The problem: Write out the listing verbatim. No pictures belong in it.

Source data:
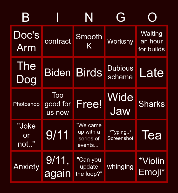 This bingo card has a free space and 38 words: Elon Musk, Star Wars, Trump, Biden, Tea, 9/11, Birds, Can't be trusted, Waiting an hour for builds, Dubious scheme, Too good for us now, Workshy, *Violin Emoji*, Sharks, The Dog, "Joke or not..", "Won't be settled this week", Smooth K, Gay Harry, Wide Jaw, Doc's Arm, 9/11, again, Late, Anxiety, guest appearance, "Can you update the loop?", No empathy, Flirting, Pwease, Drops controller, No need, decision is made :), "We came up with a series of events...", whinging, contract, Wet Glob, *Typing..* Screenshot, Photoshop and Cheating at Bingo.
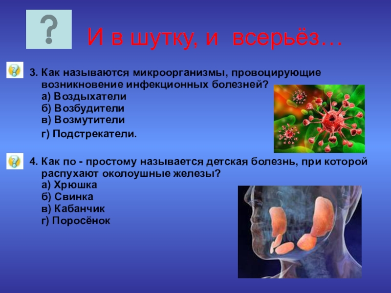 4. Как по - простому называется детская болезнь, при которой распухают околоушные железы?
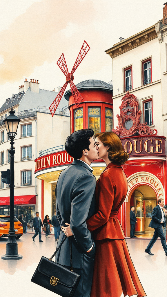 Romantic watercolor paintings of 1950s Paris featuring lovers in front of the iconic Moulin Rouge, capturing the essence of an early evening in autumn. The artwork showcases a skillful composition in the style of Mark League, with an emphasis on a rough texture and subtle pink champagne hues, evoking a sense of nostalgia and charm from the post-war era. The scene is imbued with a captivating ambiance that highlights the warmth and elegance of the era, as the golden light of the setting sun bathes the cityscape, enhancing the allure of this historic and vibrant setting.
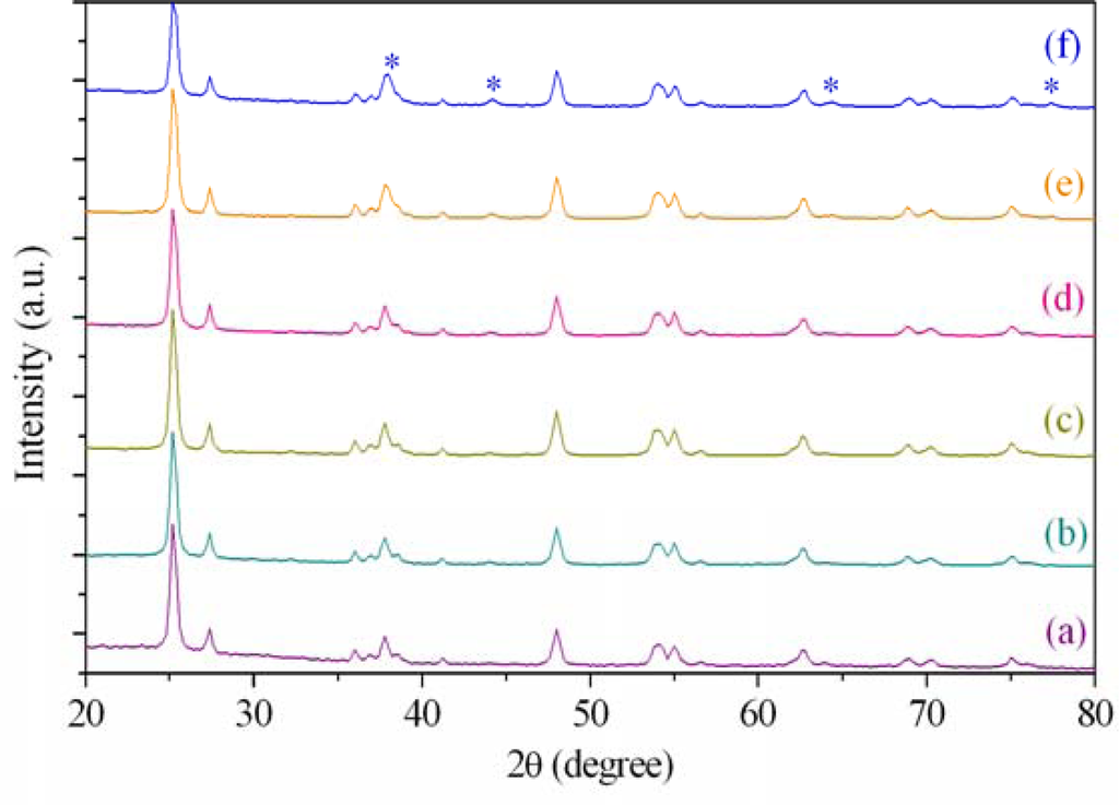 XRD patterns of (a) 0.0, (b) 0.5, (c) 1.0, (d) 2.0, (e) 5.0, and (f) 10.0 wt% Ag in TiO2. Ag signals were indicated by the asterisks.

Task response:
 This bingo card has a free space and 38 words: Elon Musk, Star Wars, Trump, Biden, Tea, 9/11, Birds, Can't be trusted, Waiting an hour for builds, Dubious scheme, Too good for us now, Workshy, *Violin Emoji*, Sharks, The Dog, "Joke or not..", "Won't be settled this week", Smooth K, Gay Harry, Wide Jaw, Doc's Arm, 9/11, again, Late, Anxiety, guest appearance, "Can you update the loop?", No empathy, Flirting, Pwease, Drops controller, No need, decision is made :), "We came up with a series of events...", whinging, contract, Wet Glob, *Typing..* Screenshot, Photoshop and Cheating at Bingo.
 4. Как по - простому называется детская болезнь, при которой распухают околоушные железы?
 Romantic watercolor paintings of 1950s Paris featuring lovers in front of the iconic Moulin Rouge, capturing the essence of an early evening in autumn. The artwork showcases a skillful composition in the style of Mark League, with an emphasis on a rough texture and subtle pink champagne hues, evoking a sense of nostalgia and charm from the post-war era. The scene is imbued with a captivating ambiance that highlights the warmth and elegance of the era, as the golden light of the setting sun bathes the cityscape, enhancing the allure of this historic and vibrant setting.
 XRD patterns of (a) 0.0, (b) 0.5, (c) 1.0, (d) 2.0, (e) 5.0, and (f) 10.0 wt% Ag in TiO2. Ag signals were indicated by the asterisks.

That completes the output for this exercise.